Mi amigo Pablo es un viajero incansable y empedernido. De los que le gusta peregrinar por lugares remotos, inhabituales e inolvidables. Su última excursión, por ejemplo, fue al Báltico. A recorrer Lituania, Estonia y Letonia, y, como cierre de la travesía, se dio un salto a San Petersburgo, en Moscú.

Y ya a su vuelta, haciendo escala en Madrid, me envía un mensaje a través de Facebook. “Compadre, avísame si quieres algún libro de los que no se encuentran en Lima, porque me estoy dando un salto a la Casa del Libro”, escribe. Y yo, sin dudarlo un instante, respondí: “Matar a un ruiseñor. Hace dos años que lo vengo buscando por todas las librerías, y nada. ¿Puedes creerlo?”, le dije. Y él: “Dalo por hecho. Te llamo el lunes”.

¿Y qué creen? Así fue. Pablo me llamó llegando, y quedamos en un café en el Haití de Miraflores. Les aseguro que por un momento pensé que no lo iba a conseguir. Pero me equivoqué de cabo a rabo. Por suerte.

Una vez en el Haití, nos ubicamos en la mezzanine, donde solamente entran algunas pocas mesas y se puede conversar tranquilamente, sin subir ni bajar la voz, a pesar del bullicio. Pablo, quien siempre anda con sacos elegantes y acababa de salir en la portada de Cosas Hombre, llegó suavemente risueño y se sentó frente a mí con el libro en la mano. Y con sus modales implacablemente corteses, me lo alcanzó. Y yo, la verdad, por un instante me sentí como un niño en navidad. Disfrutando del regalo.

Y luego, ya adivinarán, después del sentido agradecimiento que le profesé a Pablo, charlamos con más familiaridad sobre todo tipo de temas. Los típicos, ya saben. Política. Chismes. Libros. Lo inseguro que se siente uno en Lima. Y lo que significa conducir un vehículo por la ciudad, en la que ríos de automóviles se zurran en casi todas las normas de tránsito.

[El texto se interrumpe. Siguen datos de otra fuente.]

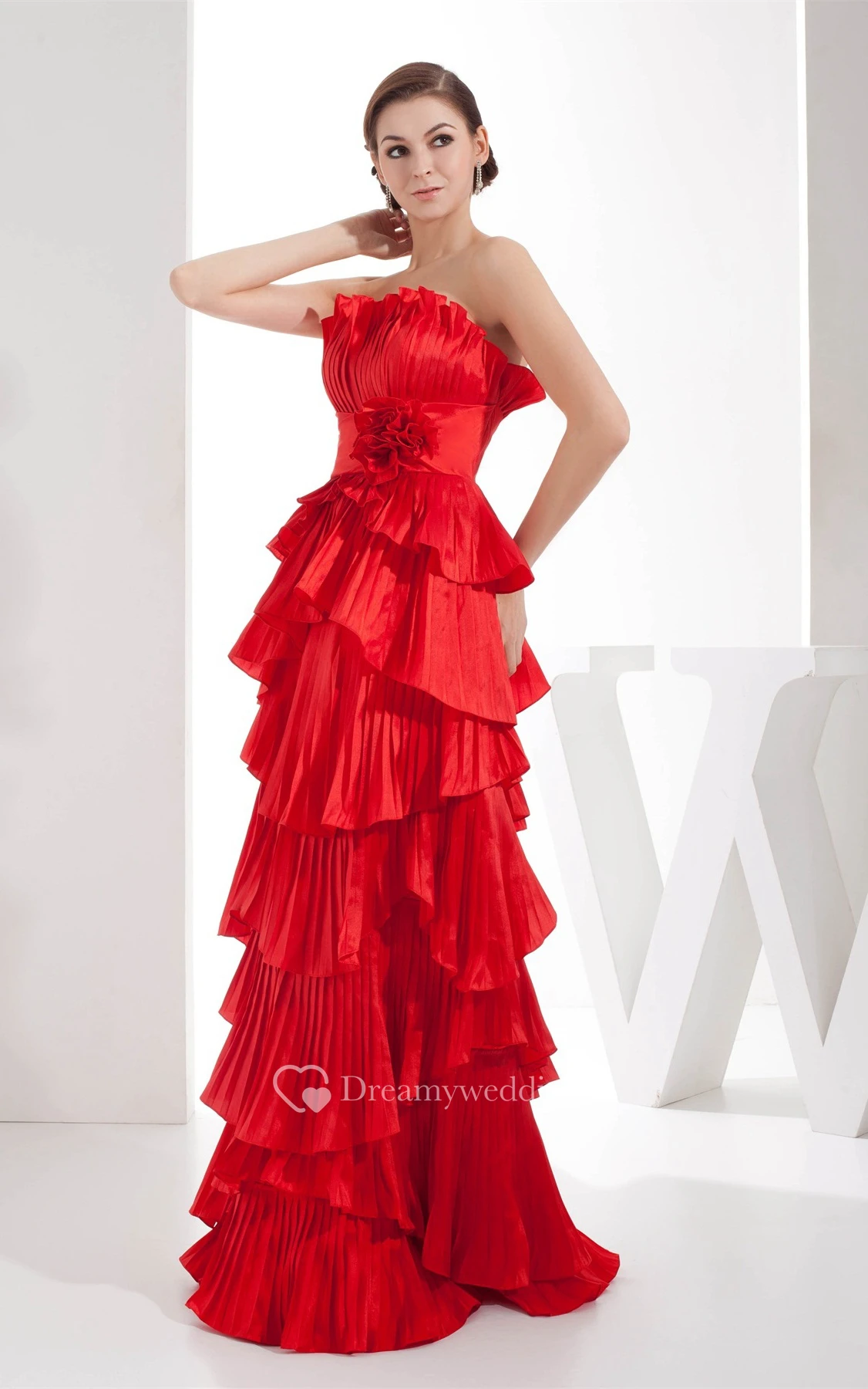Flamboyant Tiered Sleeveless Flower and Dress With Pleats
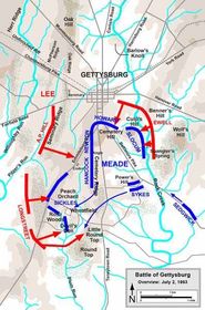 | Gettysburg | Around the town of Gettysburg, Union and Confederate soldiers clashed for three days. The battle had the most casualties and considered the turning point of the war. |

O sin casi. En fin. También hablamos de su viaje, y del libro que me trajo, entre traguitos de café espresso.

Porque a eso iba. Y es que hubo un tiempo en el que la película que produjo Alan Pakula, y en la que Gregory Peck se luce metiéndose en los zapatos de Atticus Finch, la veía tantas veces como otros se enganchan con ciertas canciones. Pero lo que parecía mentira es que, el libro de Harper Lee, con el que se ganó el Premio Pulitzer en 1961, y en el que está basada la película, no lo había leído.

Pues les cuento que lo acabo de terminar, y me siento como si hubiese llenado un vacío interior. Uno de los tantos, digo. Y claro. Para variar, el libro supera al filme, pese a que este está muy bien logrado. La cosa es que, leer a Harper Lee es un placer. Y aunque siempre resulta complicado sintetizar una publicación en pocas líneas sin traicionarla, qué quieren que les diga, Matar a un ruiseñor es un libro entrañable, cuyas páginas se devoran una tras otra, prácticamente sin pestañear.

Si no conocen la trama, se las cuento en corto. Atticus Finch, un abogado de un pequeño pueblecito sureño de Alabama, viudo y con dos hijos, acepta defender a un campesino negro acusado de violar a una joven blanca. Y la historia la narra una mujer adulta que evoca su infancia y la relación con su padre y su hermano Jem. Bueno. Este es el hilo conductor de la peli, pero el libro abarca otros temas que tienen que ver con la paternidad de Finch. De hecho, Harper Lee se inspira en su propio padre para crear al personaje. Su padre, Amasa Lee, según he leído por ahí, era un ejemplo de integridad. Y el apellido Finch lo toma prestado de su madre. Al igual que Atticus, Amasa Lee había sido abogado y en 1923 defendió ante los tribunales a un hombre negro.

De otra parte, los personajes de “Scout” y “Dill” están inspirados en la niñez de la propia autora y del también genial escritor Truman Capote, amigo suyo de la infancia.

Cosa curiosa, Harper Lee (Monroeville, Alabama, 1926) no volvió a escribir más. Al parecer, escribió algunos pocos ensayos, pero Matar a un ruiseñor fue su única novela publicada hasta la fecha. Eso sí. Una novela conmovedora, divertida y agradable, como escribió Truman Capote.


Tomado de La República. Columna El ojo de Mordor.